Scott Barry Kaufman is an American cognitive scientist, author, podcaster, and popular science writer. His writing and research focuses on intelligence, creativity, and human potential. Most media attention has focused on Kaufman's attempt to redefine intelligence. Kaufman is founder and director of the Center for Human Potential and has taught courses at Columbia, NYU, the University of Pennsylvania, and elsewhere. He is one of the top 20 most cited scientists studying intelligence. 

Kaufman has also written a number of books and is host of The Psychology Podcast. In 2015, he was named one of "50 groundbreaking scientists who are changing the way we see the world" by Business Insider, and in 2021 Louis Vuitton selected him as one of 200 "visionaries" to celebrate Vuitton's 200th birthday. As a result, his "Manifesto for a Human-Centered Education" appeared in "200 Trunks, 200 Visionaries: The Exhibition" around the world. In 2022, he taught a class on gratitude with Oprah.

Education 

Kaufman received his B.S. from Carnegie Mellon University, where he double majored in psychology and human-computer interaction, and where he was Herbert A. Simon's last research assistant and a student of Randy Pausch. In 2005, he received his M.Phil. from King's College, Cambridge under a Gates Scholarship, where he worked with Nicholas Mackintosh.
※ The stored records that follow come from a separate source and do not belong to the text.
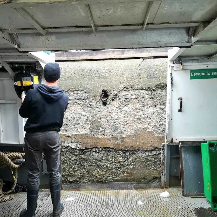 Landon Minor looks up the cement wall to where Paul Minor waits to unload a tote of yellow perch. The Minors must now unload up a vertical wall and over a railing in an active pedestrian walkway — an activity that will grow more dangerous in the summer months when they will share the walkway with tourists. (Hannah Harrison), Author provided
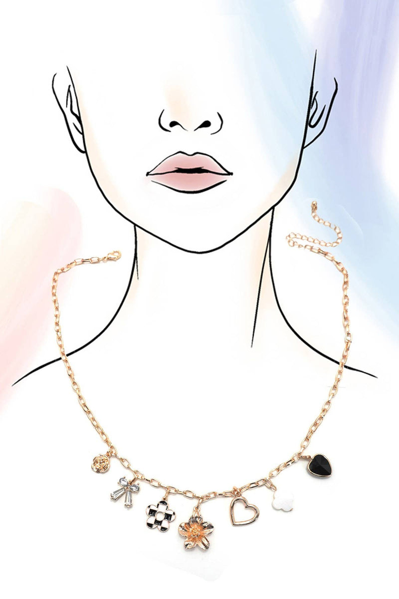 Gold Charm Necklace with Enamel Accents Elegant Minimalist Jewelry
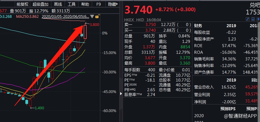 兑吧(01753)股价从低点的1.49港元涨至3.74港元,涨幅超150%。
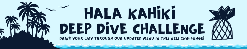 Take a dive into our updated menu with the Hala Kahiki Deep Dive Challenge! Try out drinks from every category to unlock special discounts and rewards. Starting in January, we’re launching an expedition into the depths of our menu and we’re inviting you to explore with us! To complete this dive, we challenge you to explore every category of our menu, even the ones you might be unfamiliar with! Rediscover the classics, try something out of your comfort zone and maybe even find a new favorite. The challenge starts as soon as you write your name on your Diver Card, and ends on December 30th, 2026!
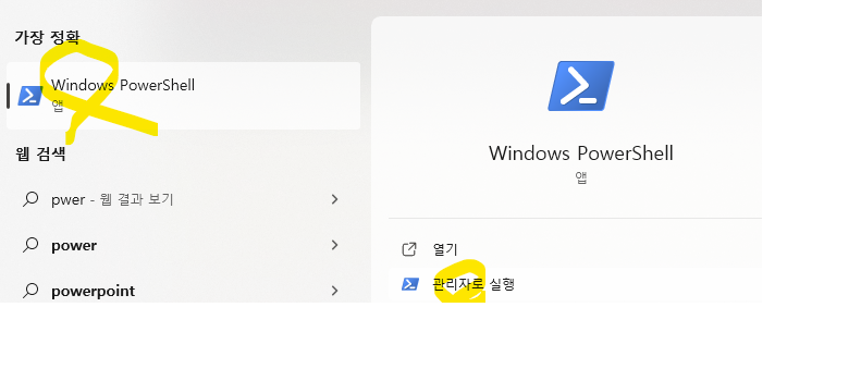 1. powerShell 관리자로 실행을 들어가자.
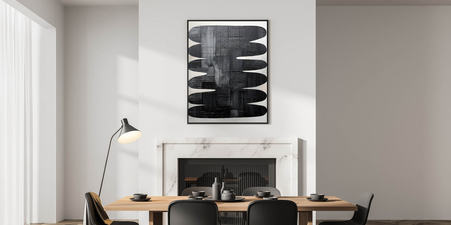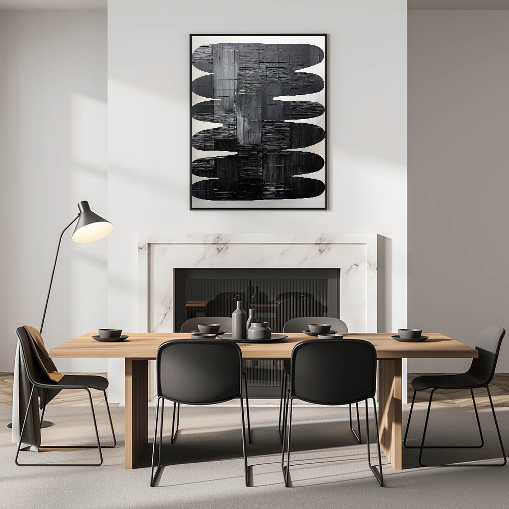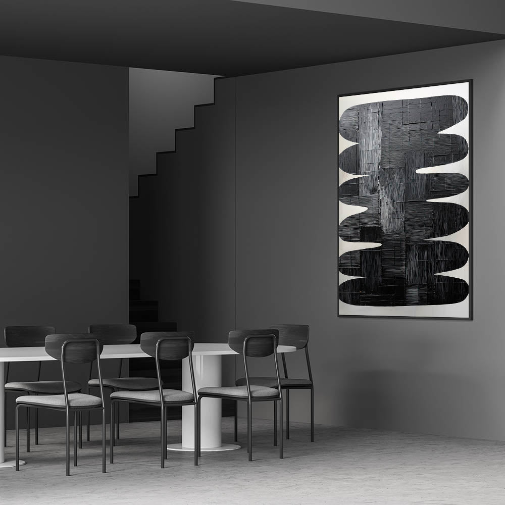 Contemporary Dining Art Pieces - Black & White Textured Abstract
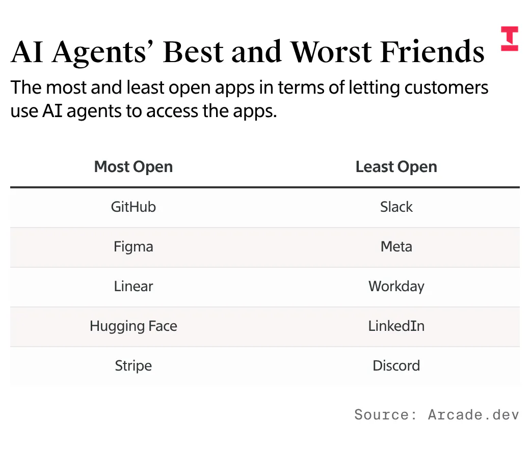 The ranking, from startup Arcade.dev, shows that the most closed-off apps are Slack, Workday, Meta’s platform for advertisers and Whatsapp. On the other hand, GitHub and Figma are the most open.
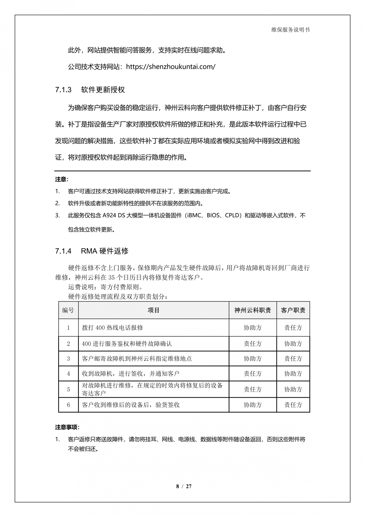 神州A924 问学大模型一体机维保服务说明书_V1.0
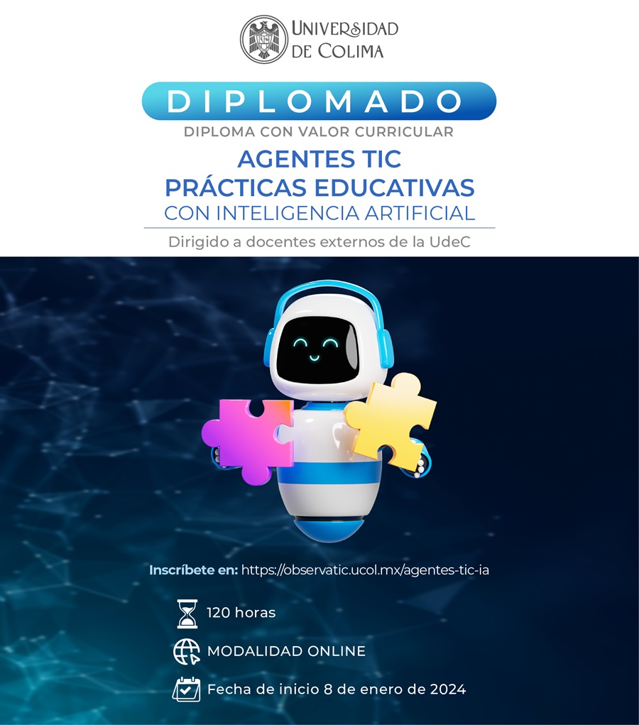 Desde el 23 de noviembre y hasta el próximo 13 de diciembre estarán abiertas las inscripciones al Diplomado Agentes TIC: Prácticas Educativas con Inteligencia Artificial, que organiza la Universidad de Colima a través de la Dirección General de Integración de las Tecnologías de Información (DGIDT).
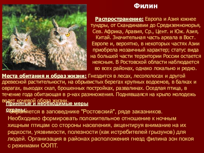 , Охраняется в заповеднике "Ростовский", ряде заказников. Необходимо формировать положительное отношение к ночным хищным птицам со стороны населения, акцентируя внимание на их редкости, уязвимости, полезности (как истребителей грызунов) для людей. Организация в районах расположения гнезд филина зон покоя с режимами ООПТ.
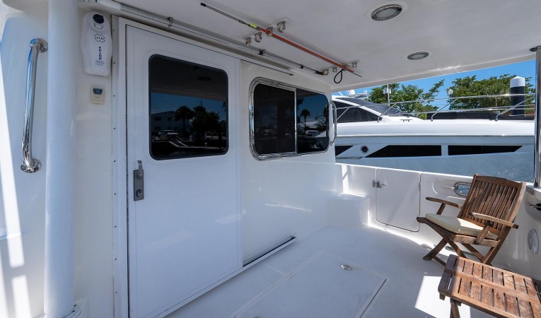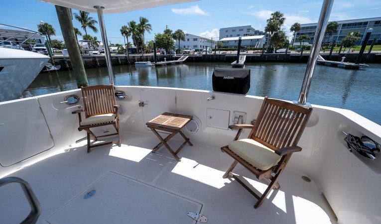 Guest stateroom forward with over/under berth, generous drawer storage with cedar lined hanging locker. Opening Gebo hatch with sunshade and two opening port lights. Guest head aft to starboard with large stall shower, opening port light, teak and holly sole, and granite counter top. Aft down two steps to mid-ship master stateroom with athwart-ship queen berth. Massive amounts of storage including two cedar lined hanging lockers and hydraulic assist under bed storage. Built in flat screen T.V. and DVD player. Ensuite head features stall shower with seat, granite counter tops, opening port light, and teak and holly sole. From companionway, up seven steps aft to oversized pilothouse with Stidd helm seat, teak dinette, teak ships wheel with holly inlay, and captains doors to port and starboard. Aft down four steps to galley, with full-size frost-free refrigerator/freezer, granite counter tops, and generous teak cabinetry. Aft of galley is salon with large L-shaped leather settee, hydraulic lift dinette with 2 leather ottomans, and hideaway LCD TV with electric lift. Exit aft from salon through large sliding door into cockpit, containing storage lazarette, starboard boarding door, and transom door leading to fiberglass swim platform.

After Cambridge, Kaufman earned his Ph.D. in Cognitive Psychology from Yale University where he was mentored by Robert Sternberg, Jeremy R. Gray, and Jerome L. Singer. From 2009-2010, he was a post-doctoral fellow at the Center Leo Apostel for Interdisciplinary Studies.

Research

The dual-process theory of human intelligence 

Most theories of human intelligence and tests of intelligence emphasize controlled and deliberate reasoning as the hallmark of human intelligence. While agreeing that such thought processes are an important component of intelligence, Kaufman argues that spontaneous forms of thinking such as insight, imaginative play, daydreaming, implicit learning, and a reduced latent inhibition are also important contributors to a wide range of intelligent behaviors as well as creativity. Integrating modern dual-process theories of cognition with research on human intelligence, Kaufman proposed the dual-process theory of human intelligence. 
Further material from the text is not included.